Watch Peter Gabriel’s ‘Sledgehammer’ Video
Gabriel appeared on two charting songs that week, having offered backing vocals (along with Sting and Helen Terry) to Collins’ solo sing-along “Take Me Home.” The track, a drum machine-dominated centerpiece from 1985’s No Jacket Required, peaked at No. 10 on April 26. Though it didn’t reach the same commercial heights as the album’s chart-toppers, the Prince-inspired “Sussudio” and the airy ballad “One More Night,” it was still hanging around the Hot 100 in May — a testament to Collins’ popularity in that golden era.

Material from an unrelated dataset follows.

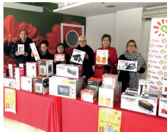
■ Els comerciants de les Borges presentant la campanya 'novembre de Regal', l'any passat.

Finalment, a principis de maig l'Agrupació col·labora en el Mercat de la Ganga que s'organitza des de fa 35 anys a les Borges, i que aplega una vintena de parades, amb importants ofertes i descomptes. ■

Like with many of Collins’ most famous songs, the glossy production of “Take Me Home” disguises some bleak subject matter. “A lot of people think this next song is just about going home, taking me home,” he said, introducing an acoustic performance on VH1 Storytellers. “But … it’s a much darker song. The way I see this song was about One Flew Over the Cuckoo’s Nest. … It’s really a mental asylum.”
Watch Phil Collins’ ‘Take Me Home’ Video
Conversely, “All I Need Is a Miracle,” Rutherford’s second hit with Mike + the Mechanics, is pure surface-level emotion — a soft-rock sugar rush about romantic redemption. The track, sung by co-vocalist Paul Young, reached No. 6 that week (and later climbed to one slot higher) — making it the second hit from the band’s self-titled debut LP, following “Silent Running (On Dangerous Ground).”
The Summer of Genesis only intensified from there. It peaked the week of July 19, 1986, with a Hot 100 featuring “Invisible Touch” (No. 1), “Sledgehammer” (No. 2), “When the Heart Rules the Mind” (No. 14), Howard Jones’ “No One Is to Blame” (No. 19, coproduced by Collins), the Mechanics’ “Taken In” (No. 48) and “All I Need Is a Miracle” (No. 67).
Listen to Mike + the Mechanics’ ’All I Need Is a Miracle’
“I don’t know any other bands who’ve done what we did: run successful solo careers along with Genesis,” Rutherford told The Guardian. “Most guys start a solo career because they’re frustrated, but that wasn’t us. Genesis was going great, but we just wanted variety. Was there any competition between us? I suppose. But we all knew we couldn’t beat Phil.”
Maybe not in the long run. But it made for a fascinating chart battle, proving just how far they’d all evolved, for better or worse.